* [TASK BRIEF]
Two lines mark the range in the entries below: the one holding "AI 应用市场 Q3 现状:移动端用户突破 7 亿,豆包夺原生 AI APP 月活第一" and the one holding "A MEISSEN PORCELAIN". Set down those two and all lines between them, exactly.

* [STORED DATA]
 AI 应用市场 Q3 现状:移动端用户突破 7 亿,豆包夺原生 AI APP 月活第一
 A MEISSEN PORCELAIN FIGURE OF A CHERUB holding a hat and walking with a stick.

* * *

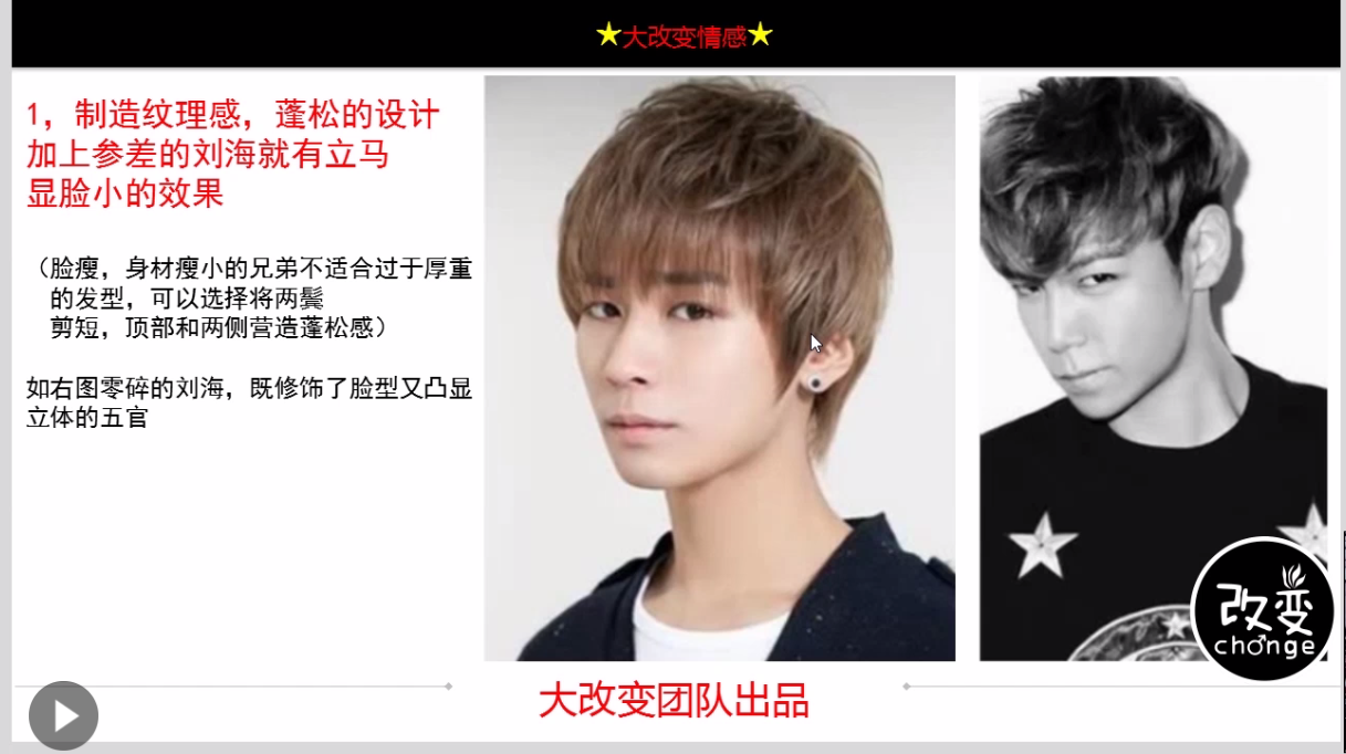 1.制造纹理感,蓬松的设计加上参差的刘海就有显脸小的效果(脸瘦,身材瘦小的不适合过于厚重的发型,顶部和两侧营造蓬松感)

* [REPLY]
 AI 应用市场 Q3 现状:移动端用户突破 7 亿,豆包夺原生 AI APP 月活第一
 A MEISSEN PORCELAIN FIGURE OF A CHERUB holding a hat and walking with a stick.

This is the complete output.